Problem statement:
Please repeat, exactly and without pictures, the lines of the entries below that run from the one containing "欧米人風あだ名 | 『アンジェラ・きょうはらふうま』 |" through the one containing "Köket är modernt".

Saved entries
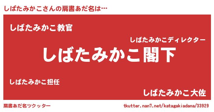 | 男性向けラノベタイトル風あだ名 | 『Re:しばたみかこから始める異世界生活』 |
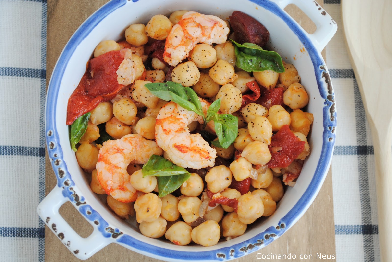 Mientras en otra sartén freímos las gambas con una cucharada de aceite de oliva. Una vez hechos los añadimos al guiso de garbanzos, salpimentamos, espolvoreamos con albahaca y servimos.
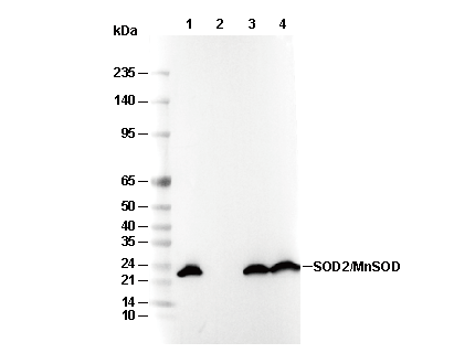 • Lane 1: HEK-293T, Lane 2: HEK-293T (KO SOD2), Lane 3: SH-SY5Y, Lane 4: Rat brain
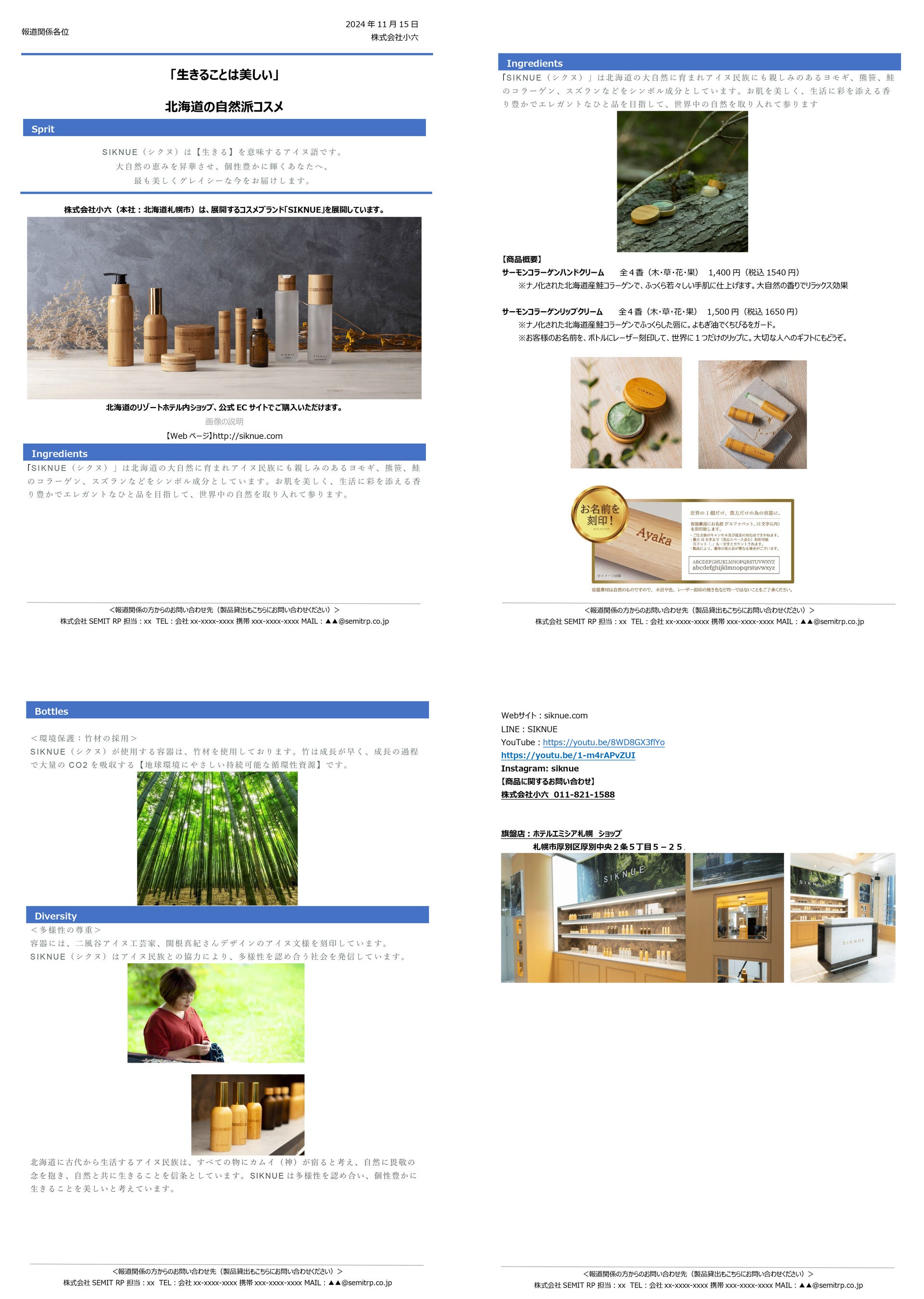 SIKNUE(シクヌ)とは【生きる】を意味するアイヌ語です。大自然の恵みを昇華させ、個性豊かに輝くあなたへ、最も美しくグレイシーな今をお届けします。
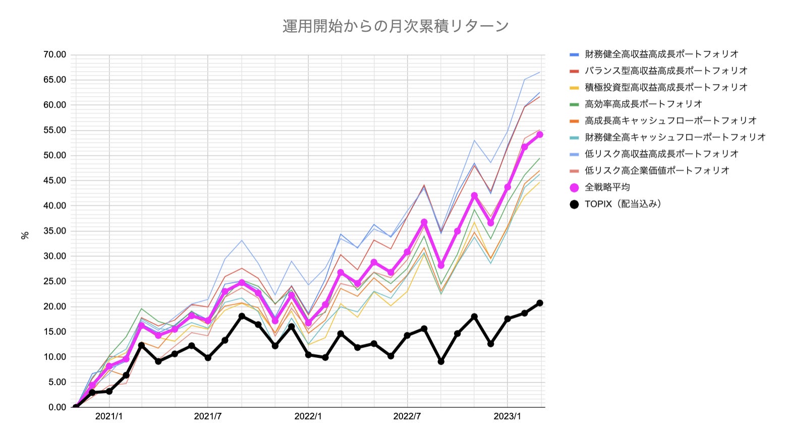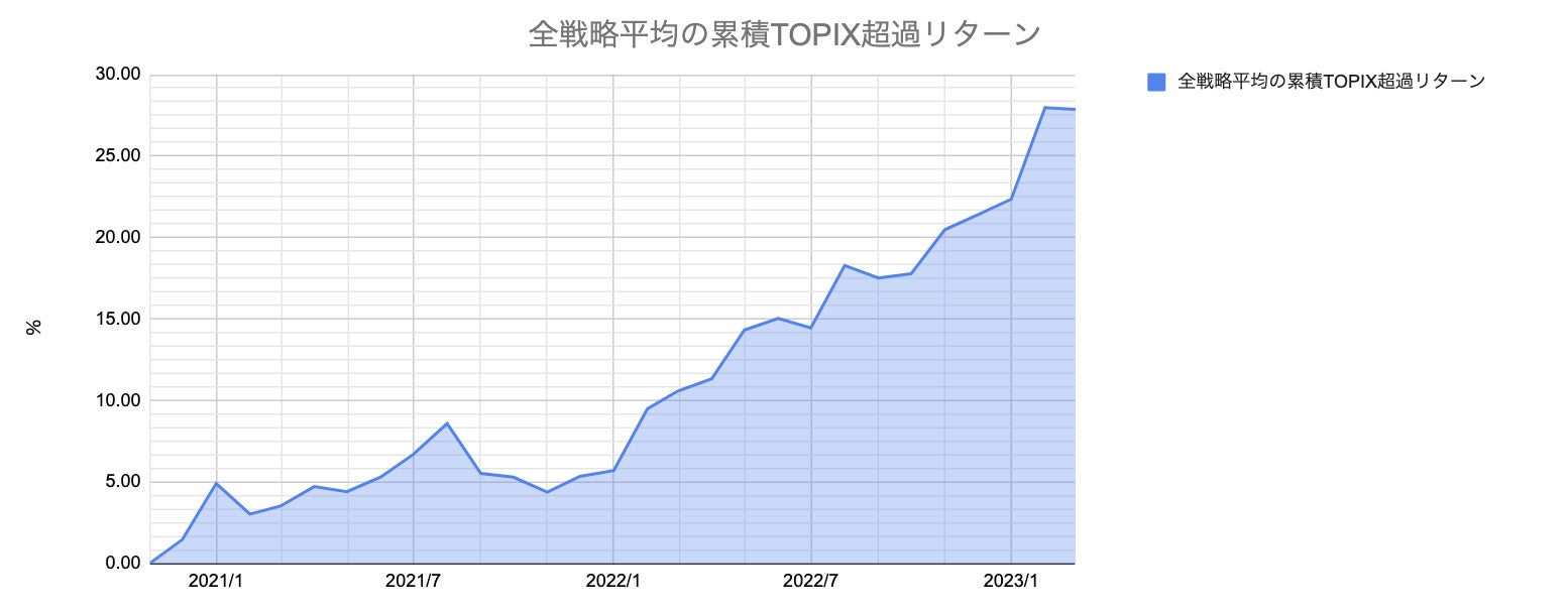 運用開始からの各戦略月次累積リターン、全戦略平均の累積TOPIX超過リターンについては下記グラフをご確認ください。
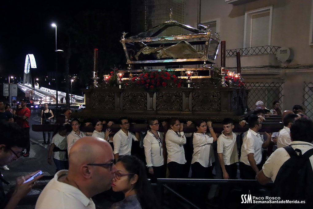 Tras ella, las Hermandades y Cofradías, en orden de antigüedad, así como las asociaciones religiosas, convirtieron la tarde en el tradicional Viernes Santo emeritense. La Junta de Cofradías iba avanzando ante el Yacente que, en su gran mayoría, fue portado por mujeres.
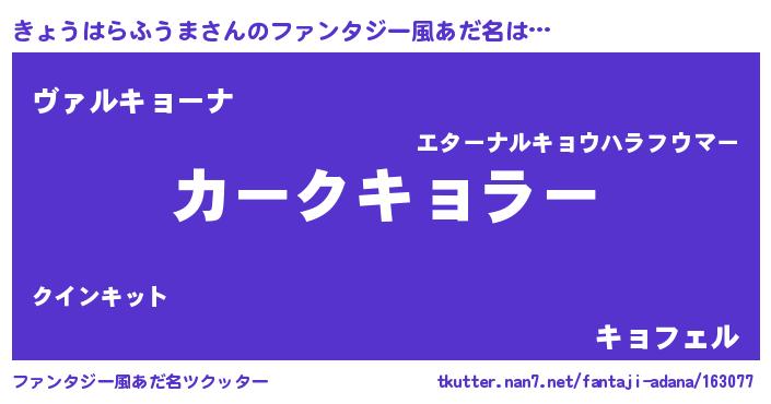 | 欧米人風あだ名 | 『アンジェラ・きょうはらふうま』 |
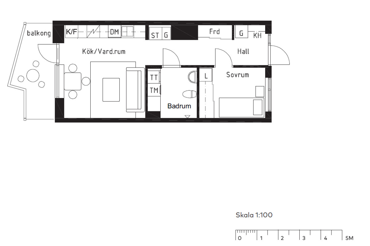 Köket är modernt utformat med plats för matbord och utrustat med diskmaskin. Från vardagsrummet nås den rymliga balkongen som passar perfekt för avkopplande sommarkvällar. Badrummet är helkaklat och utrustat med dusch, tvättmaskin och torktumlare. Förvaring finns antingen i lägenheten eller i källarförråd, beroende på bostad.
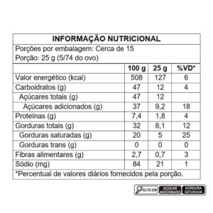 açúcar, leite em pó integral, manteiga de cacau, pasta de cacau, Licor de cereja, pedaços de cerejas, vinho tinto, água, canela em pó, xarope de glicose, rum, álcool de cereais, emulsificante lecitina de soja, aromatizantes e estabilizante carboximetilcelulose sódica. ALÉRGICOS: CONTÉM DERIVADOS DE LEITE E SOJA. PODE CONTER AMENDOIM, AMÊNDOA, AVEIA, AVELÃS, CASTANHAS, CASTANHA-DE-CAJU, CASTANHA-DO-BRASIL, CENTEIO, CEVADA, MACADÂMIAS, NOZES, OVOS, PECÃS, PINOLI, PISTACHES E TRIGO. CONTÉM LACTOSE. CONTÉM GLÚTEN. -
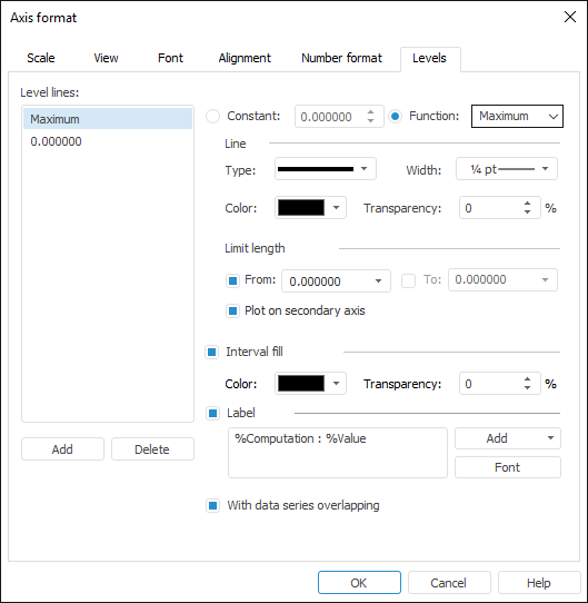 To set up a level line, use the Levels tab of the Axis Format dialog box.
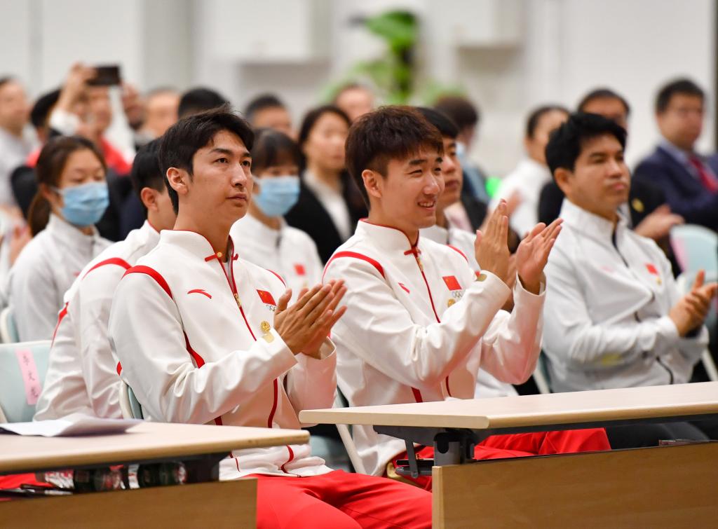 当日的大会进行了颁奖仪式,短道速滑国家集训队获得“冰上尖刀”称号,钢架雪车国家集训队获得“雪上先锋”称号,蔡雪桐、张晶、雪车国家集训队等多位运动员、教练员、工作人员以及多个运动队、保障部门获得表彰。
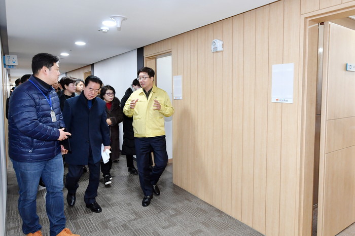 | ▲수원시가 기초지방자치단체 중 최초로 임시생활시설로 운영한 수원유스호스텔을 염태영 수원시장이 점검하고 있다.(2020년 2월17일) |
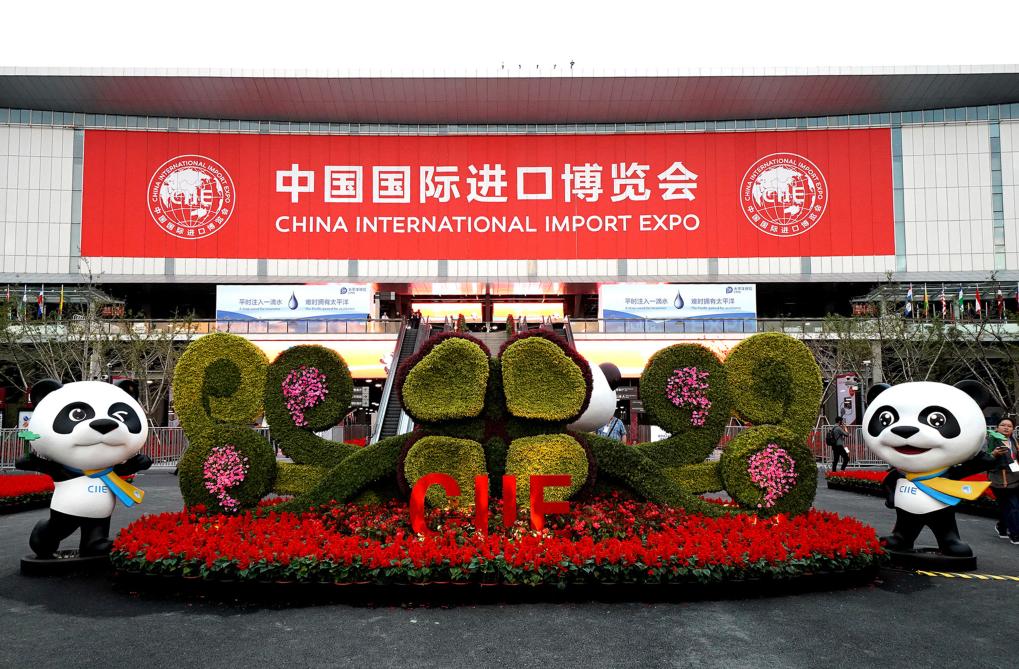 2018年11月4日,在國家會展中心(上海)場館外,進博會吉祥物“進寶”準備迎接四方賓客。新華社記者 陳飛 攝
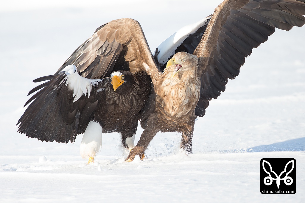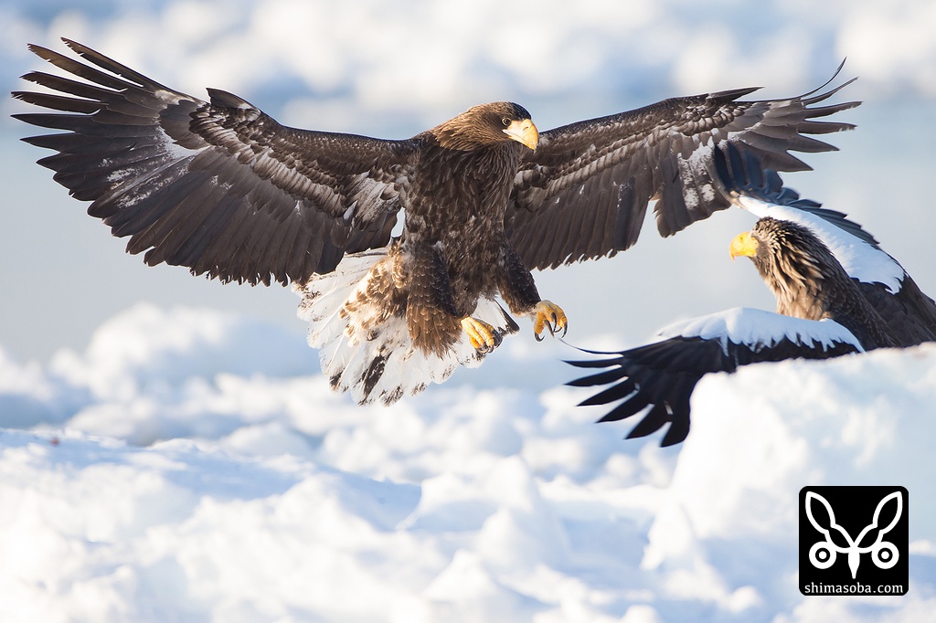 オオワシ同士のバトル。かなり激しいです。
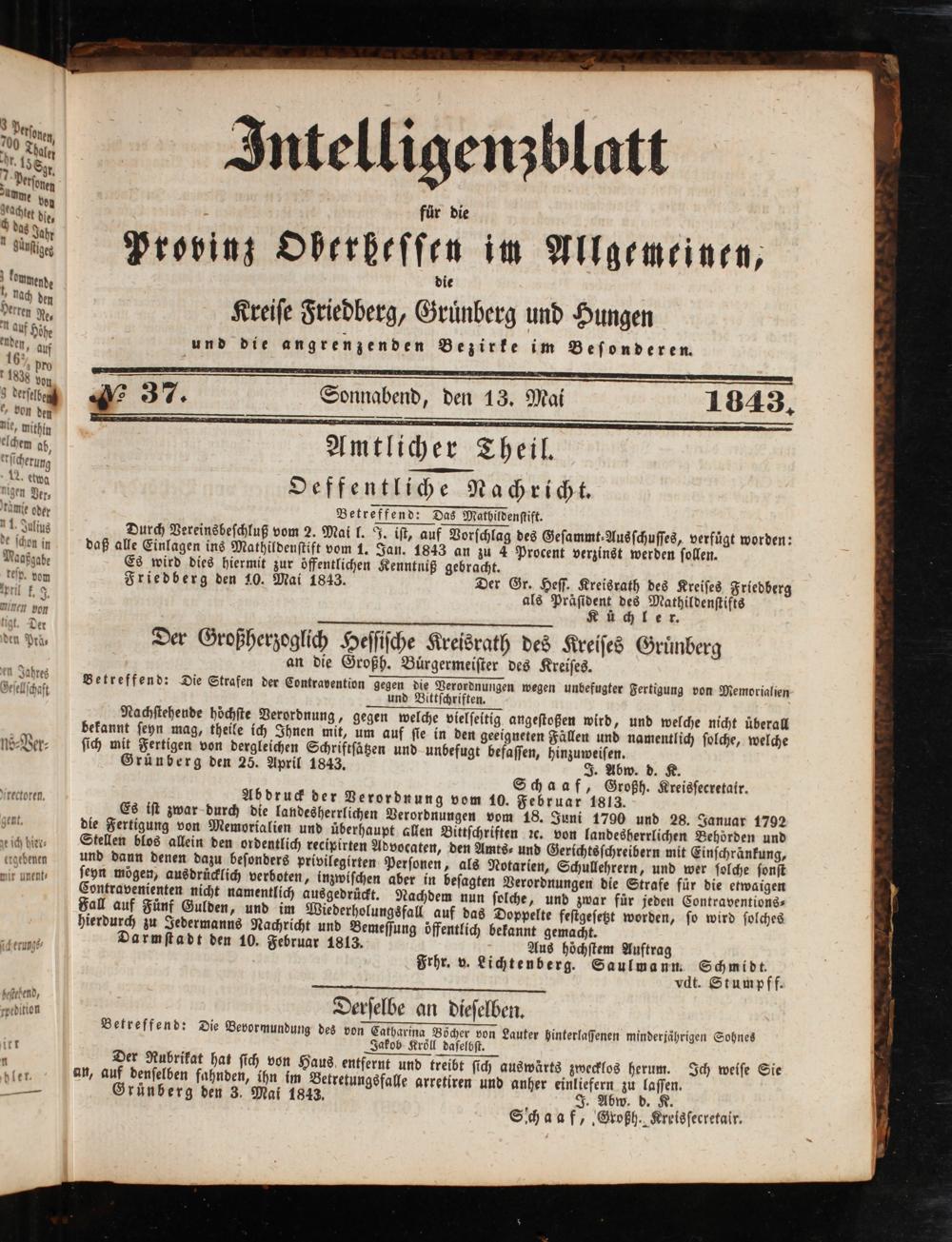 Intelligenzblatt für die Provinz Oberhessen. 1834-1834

Output for this exercise:
 | 欧米人風あだ名 | 『アンジェラ・きょうはらふうま』 |
 Köket är modernt utformat med plats för matbord och utrustat med diskmaskin. Från vardagsrummet nås den rymliga balkongen som passar perfekt för avkopplande sommarkvällar. Badrummet är helkaklat och utrustat med dusch, tvättmaskin och torktumlare. Förvaring finns antingen i lägenheten eller i källarförråd, beroende på bostad.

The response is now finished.